We can dig deeper by looking specifically at Cook County, roughly half of whose population makes up the city of Chicago.
show_area(17031)
We see much of the same here, which isn't surprising as Cook County makes up nearly half the population of Illinois.
show_area('06037')
Los Angeles County has a similar story - the divide between whites and African-Americans has lessened, and response rates among heavier Hispanic and non-citizen communities have plummeted. More heavily Asian communities, meanwhile, appear to be responding well above the typical clip.
This could again be an outstanding jumping off point for a story about the relationship between the Hispanic community and the census, and how it has been affected by the current political climate.
show_area(22)
Louisiana has a curious, almost unbelievable trend: the disparities in response rates between the heavier-white and heavier-black communities seem to have almost completely disappeared.
This is an extremely odd change, and it's difficult to make sense of. There are nearly 900 tracts in Louisiana, so it doesn't appear to be variation due to sample size. There's no immediate, obvious reason why this might be happening. It could be a bizarre random variation, but perhaps something else is going on here.
It would be a highly interesting trend for a newsroom to investigate.
show_area(24)
In Maryland, we see massive, worsening divides between the rich and the poor, the educated and the less-educated, as well as most of the typical racial divides - although similarly to Los Angeles County, the more heavily Asian communities appear to be faring better than the norm.

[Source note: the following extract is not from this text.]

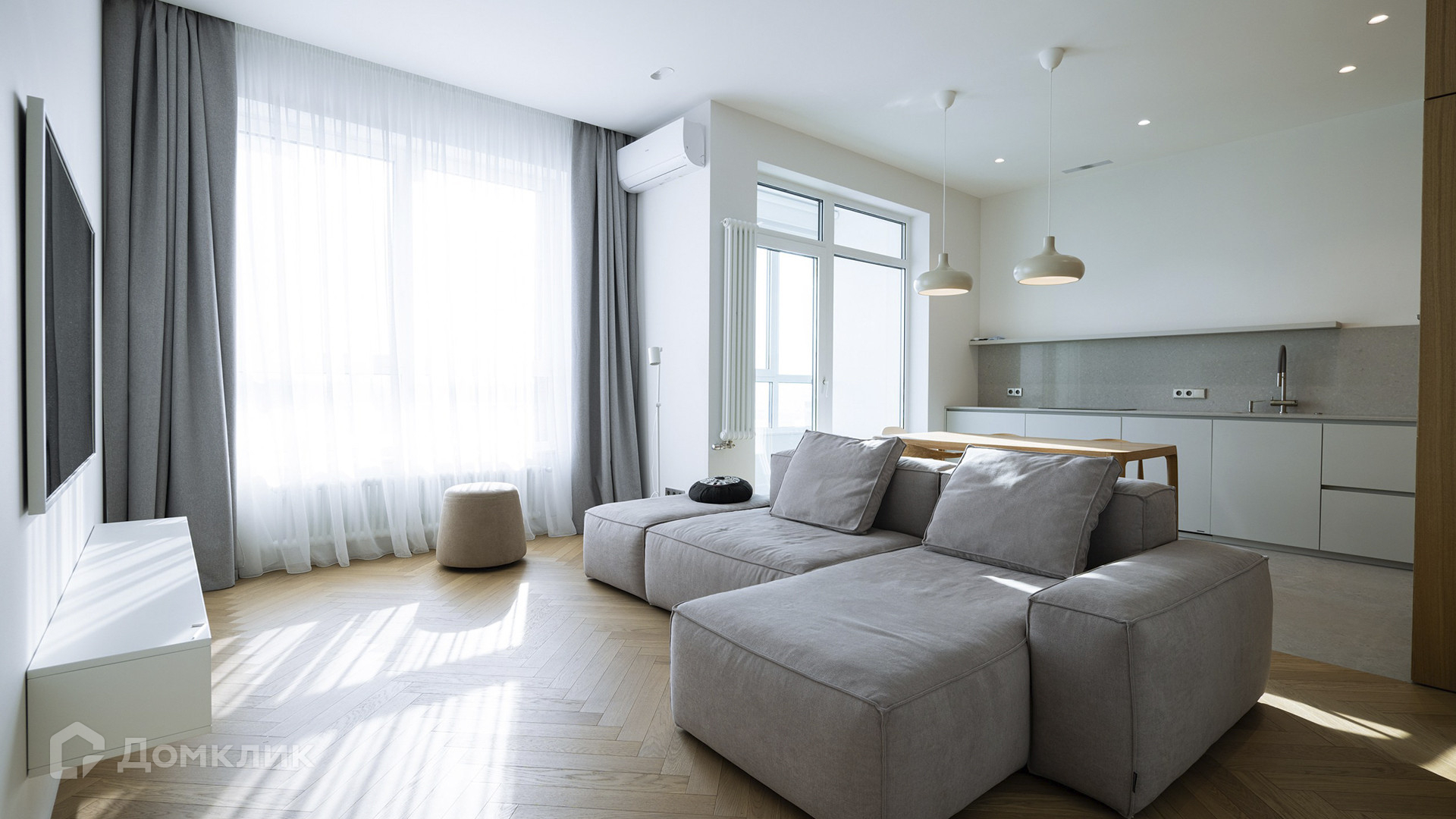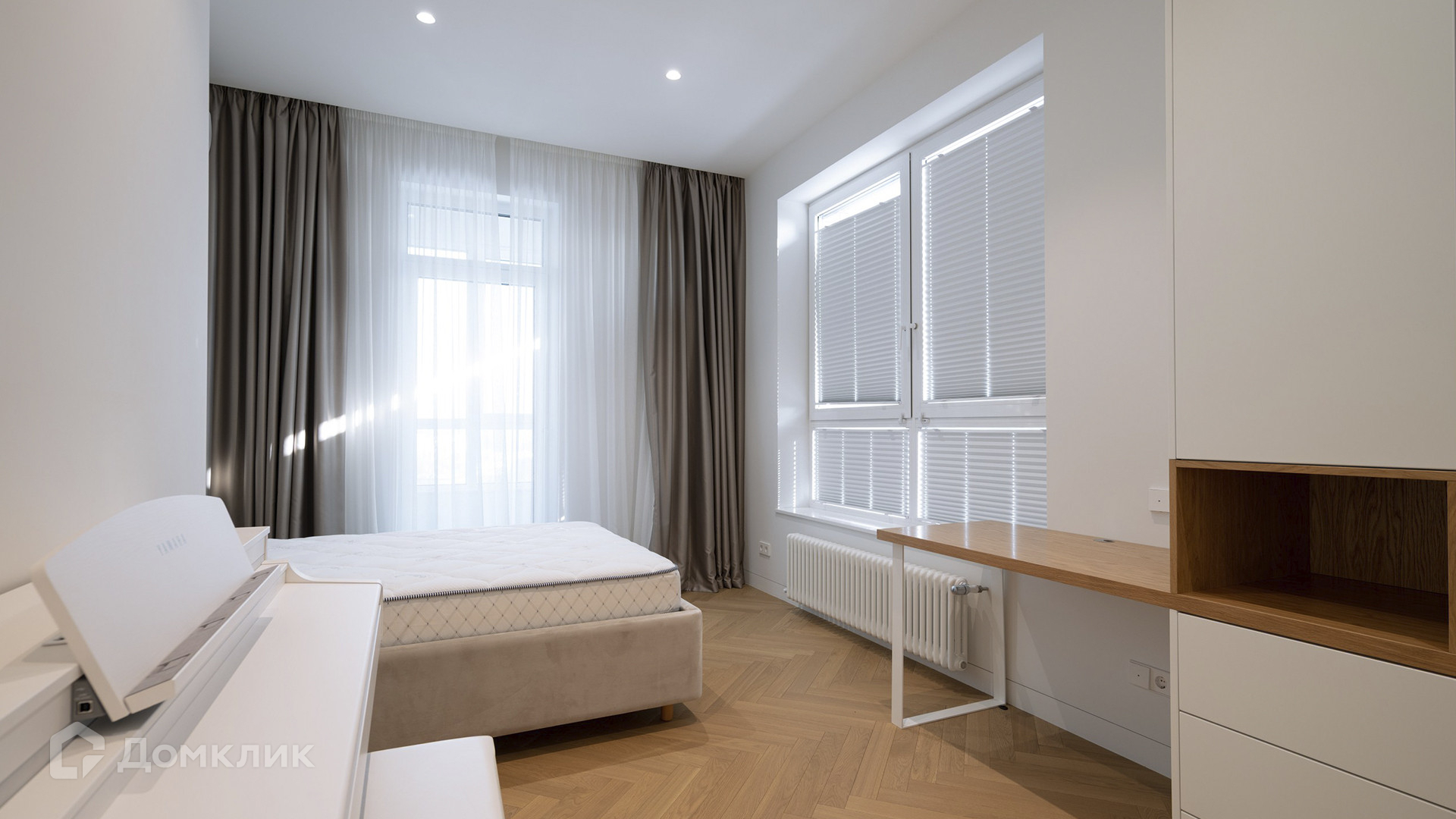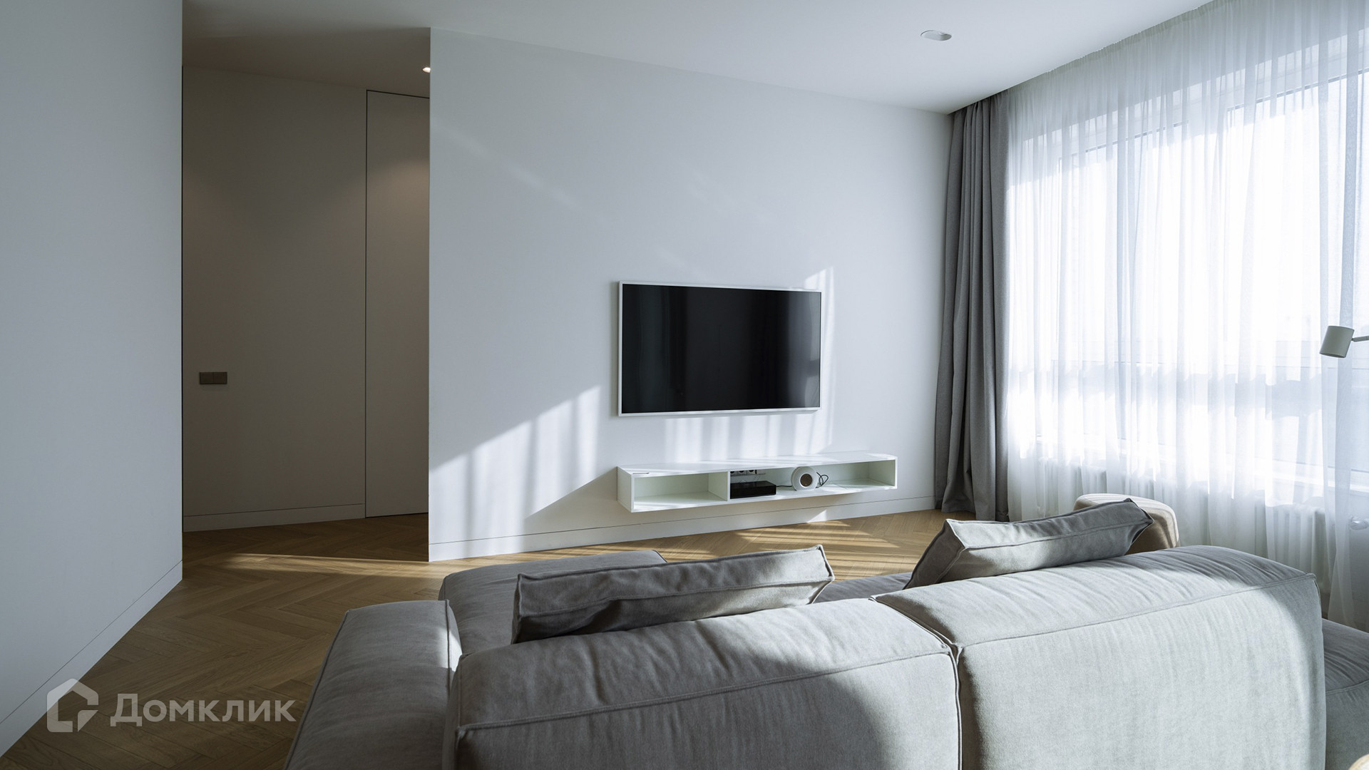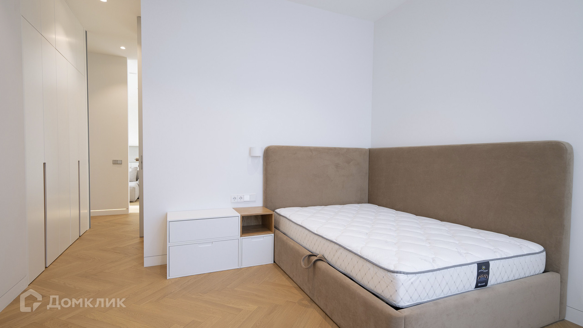 ID 218 034. Квартира с 3-мя спальнями общей площадью 103 м² в комплексе премиум-класса «Сити Парк» рядом с парком Красная Пресня. Квартира с готовой отделкой расположена на 8-м этаже в корпусе 5. Планировка: кухня-гостиная, 3 спальни, ванная комната, гостевой санузел, гардеробная, прихожая, выход на 3 лоджии. Из окон открываются виды на две стороны света.

The .73 correlation between number of residents making over \$75,000 and census response rates in Maryland tells us that 53% (over half!) of the variation in tract response rates could be accounted for by taking into account just the propoprtion of residents making over \$75,000 in a tract, and nothing else.
We can look at Baltimore City to zero in on an area with very well-known disparities.
show_area(24510)
White this is a small sample of tracts, it certaily appears that the rich/poor and white/African-American divides in response rates are growing far worse in Baltimore.
show_area(30)
In Montana, we see populous areas faring much better than rural areas, and white/black/Asian/Hispanic-heavy areas faring much better than the native-heavy areas.
While we're again dealing with a small sample size, this does a great job of illustrating the challenge of counting native populations.
See the section below!
NewsCounts can help you run this analysis for your state (or even county or multi-county region), and determine which factors correlated most with undercounting there.
We can do this by looking back at 2010, going in-the-moment and looking at why it might be happening right now in 2020, and deducing whether things are getting better or worse.
It is very easy for us to pop out these same numbers for just about any level of US geography with a FIPS code. We can do it almost instantaneously - just ask!
We're also quite open to incorporating new data. There are thousands of data points we can add if you feel another demographic factor might be good for modeling why your region is getting undercounted. Drop us a note if you have an idea, and we'll make this work for you.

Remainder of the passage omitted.